La pioggia abbondante e incessante di venerdì scorso ha causato problemi anche ai commercianti di Muggia. Le situazioni più critiche si sono registrate in corso Puccini, dove l’acqua è riuscita a farsi largo in un negozio di abbigliamento, nella panetteria, nell’erboristeria e in un ulteriore pubblico esercizio. Qui i gestori hanno dovuto lavorare per ore per sistemare i locali. Anche se non si è trattato di veri e propri allagamenti, in senso strettamente tecnico, i disagi sono stati evidenti ma sono stati risolti “autonomamente”, senza dunque la necessità di un intervento dei Vigili del fuoco. I commerciantisi sono in effetti rimboccati le maniche e con stracci, spugne e secchi hanno pian piano asciugato l’acqua.
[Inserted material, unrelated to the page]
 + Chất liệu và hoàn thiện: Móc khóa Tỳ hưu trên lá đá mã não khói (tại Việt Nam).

«In via Battisti, dove in precedenza, causa un problema all’impianto di smaltimento delle acque, erano stati ravvisati problemi importanti agli esercizi commerciali – spiega l’assessore Stefano Decolle – questa volta l’impianto ha funzionato ed è filato tutto liscio». Decolle aggiunge che «purtroppo, quando ci sono precipitazioni così importanti, violente, l’acqua si porta dietro anche ramaglie e foglie che vanno a ostruire le caditoie, anche se queste sono pulite. Il problema di corso Puccini è ormai conosciuto».
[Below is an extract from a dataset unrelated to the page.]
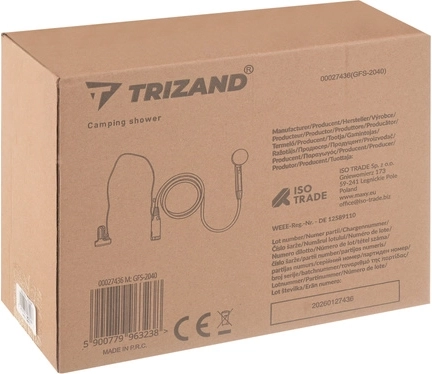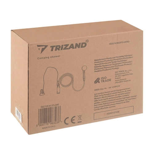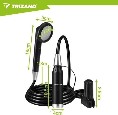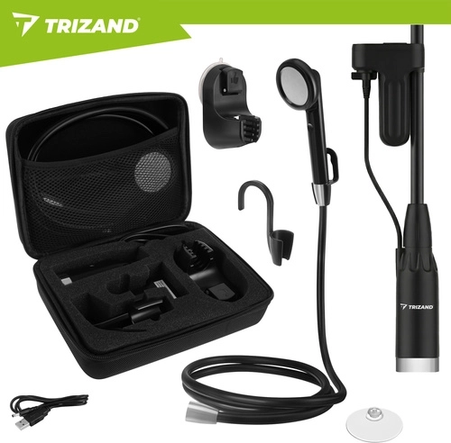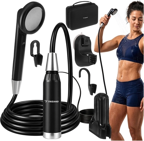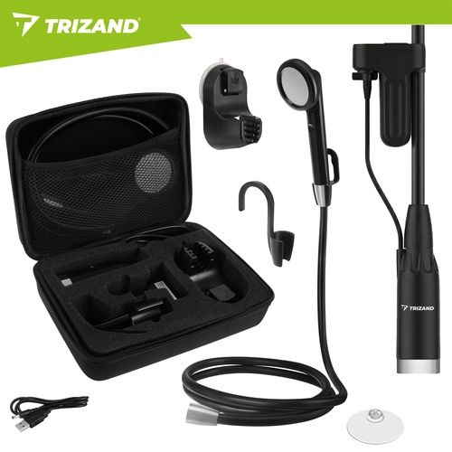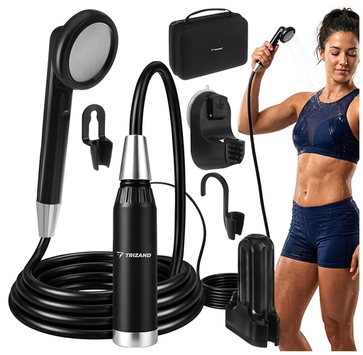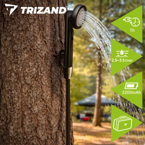 Den bærbare TRIZAND-bruser er en praktisk løsning til alle, der ønsker komfortabel vask uden for hjemmet. Den kraftige nedsænkbare pumpe giver en stabil vandstrøm, mens det genopladelige batteri muliggør uafhængig brug uden netstrøm. Takket være det kompakte sæt med etuiet kan du nemt tage den med overalt.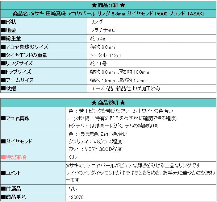 商品名:タサキ 田崎真珠 アコヤパール リング 8.8mm ダイヤモンド Pt900 ブランド TASAKI

E sempre a Muggia, sempre per il maltempo, il Nucleo di soccorso subacqueo-acquatico dei Vigili del fuoco di Trieste è dovuto intervenire in Riva de Amicis per recuperare un’imbarcazione di sei metri, affondata la scorsa notte.
I sommozzatori, per riportare il natante in galleggiamento, hanno utilizzato i palloni gonfiabili che hanno sistemato attorno all’imbarcazione. Sul posto è intervenuta anche la Capitaneria di Porto.—
L.T.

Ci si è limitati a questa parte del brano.